Exercise data:
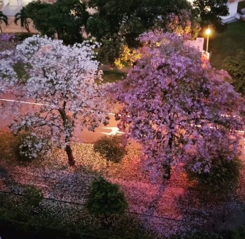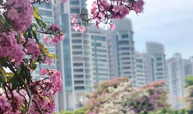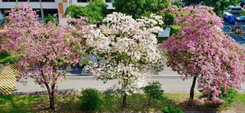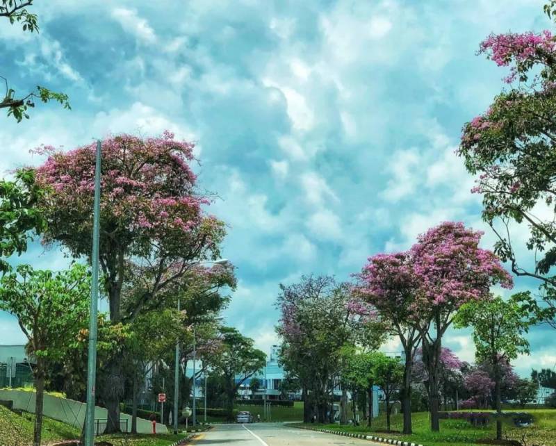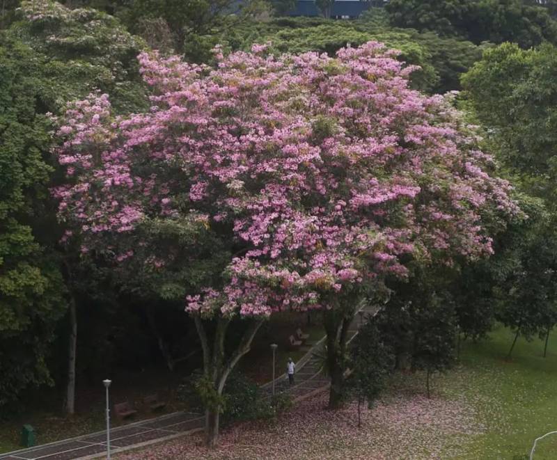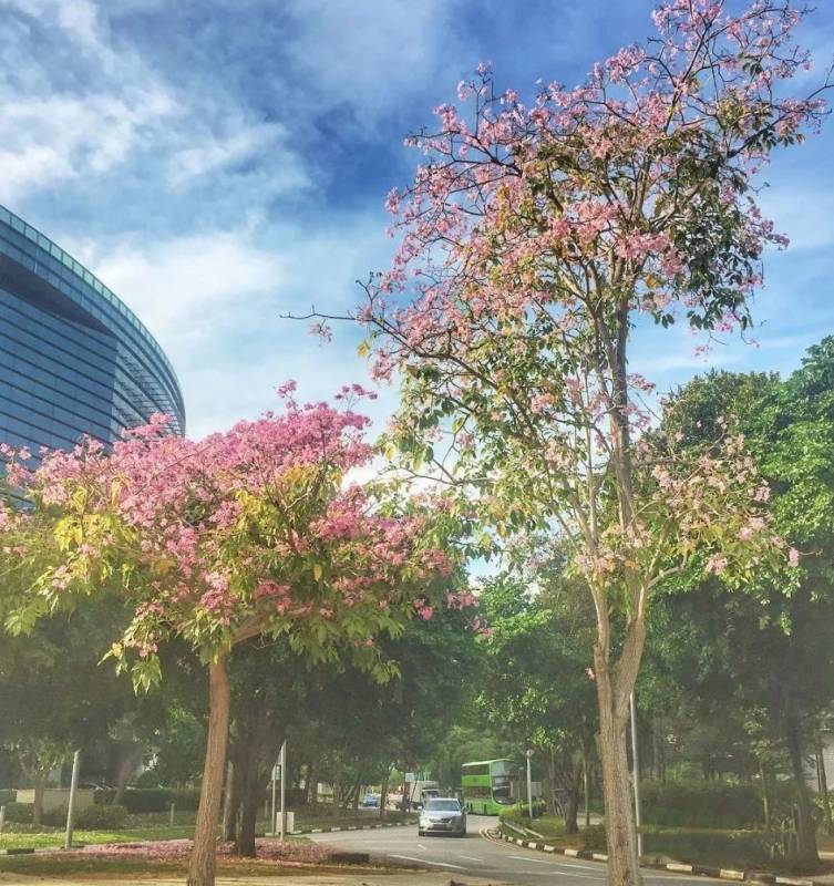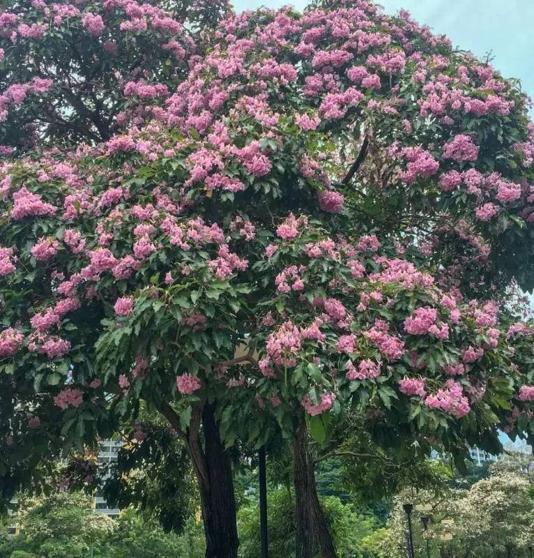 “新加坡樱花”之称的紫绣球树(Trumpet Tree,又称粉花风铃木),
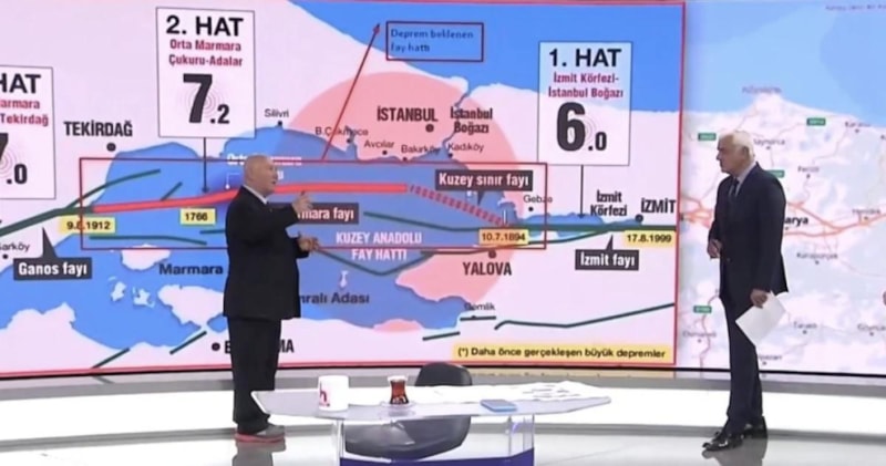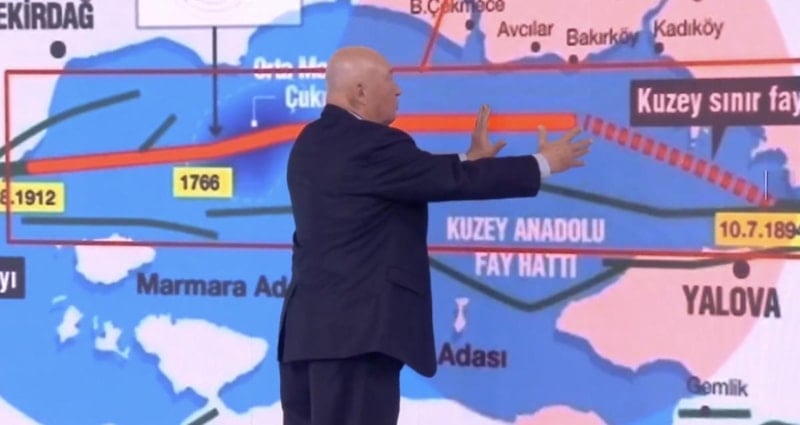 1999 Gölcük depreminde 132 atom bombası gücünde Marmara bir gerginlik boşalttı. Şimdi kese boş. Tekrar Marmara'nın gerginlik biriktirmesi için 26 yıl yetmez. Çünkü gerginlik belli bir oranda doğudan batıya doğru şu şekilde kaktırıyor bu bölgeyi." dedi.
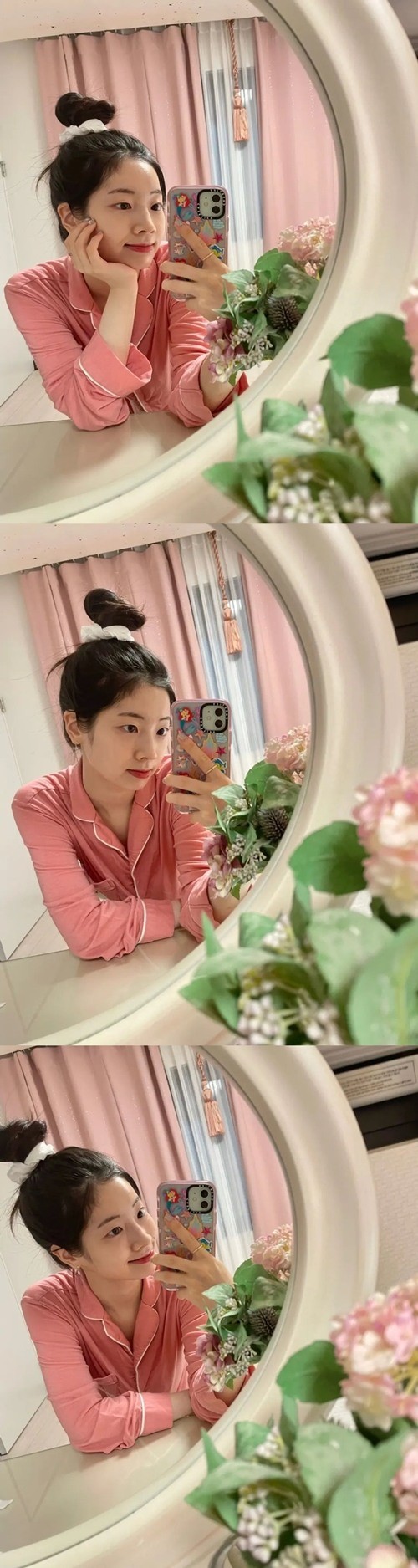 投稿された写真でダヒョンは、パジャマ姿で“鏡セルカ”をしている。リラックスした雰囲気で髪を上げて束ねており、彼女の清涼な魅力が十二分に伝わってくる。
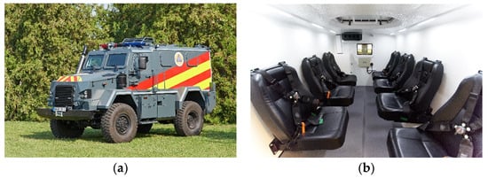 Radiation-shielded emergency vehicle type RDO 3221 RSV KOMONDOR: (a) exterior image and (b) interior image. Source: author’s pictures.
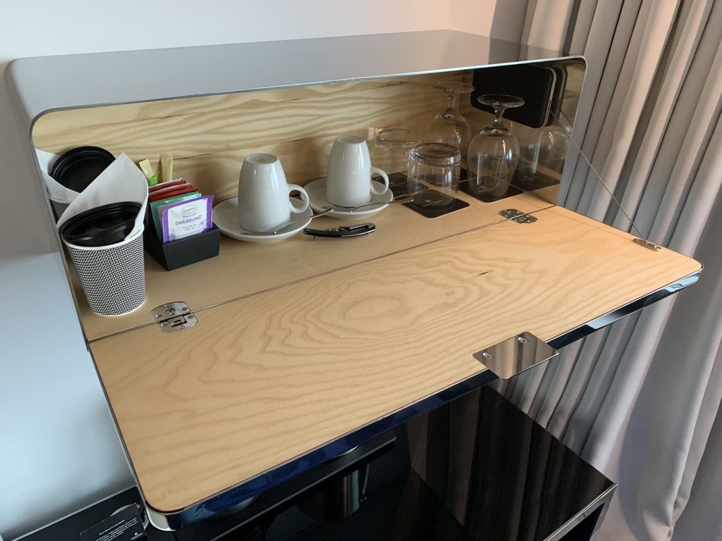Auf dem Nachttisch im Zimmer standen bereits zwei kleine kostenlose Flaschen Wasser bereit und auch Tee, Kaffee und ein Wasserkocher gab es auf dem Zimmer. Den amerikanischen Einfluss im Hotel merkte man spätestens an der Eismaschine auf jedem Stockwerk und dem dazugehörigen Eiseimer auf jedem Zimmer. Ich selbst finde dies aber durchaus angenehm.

The task: Please print the lines from the one holding "投稿された写真でダヒョンは、" through the end of the records above, unchanged and with the pictures left out.

Exercise answer:
 投稿された写真でダヒョンは、パジャマ姿で“鏡セルカ”をしている。リラックスした雰囲気で髪を上げて束ねており、彼女の清涼な魅力が十二分に伝わってくる。
 Radiation-shielded emergency vehicle type RDO 3221 RSV KOMONDOR: (a) exterior image and (b) interior image. Source: author’s pictures.
Auf dem Nachttisch im Zimmer standen bereits zwei kleine kostenlose Flaschen Wasser bereit und auch Tee, Kaffee und ein Wasserkocher gab es auf dem Zimmer. Den amerikanischen Einfluss im Hotel merkte man spätestens an der Eismaschine auf jedem Stockwerk und dem dazugehörigen Eiseimer auf jedem Zimmer. Ich selbst finde dies aber durchaus angenehm.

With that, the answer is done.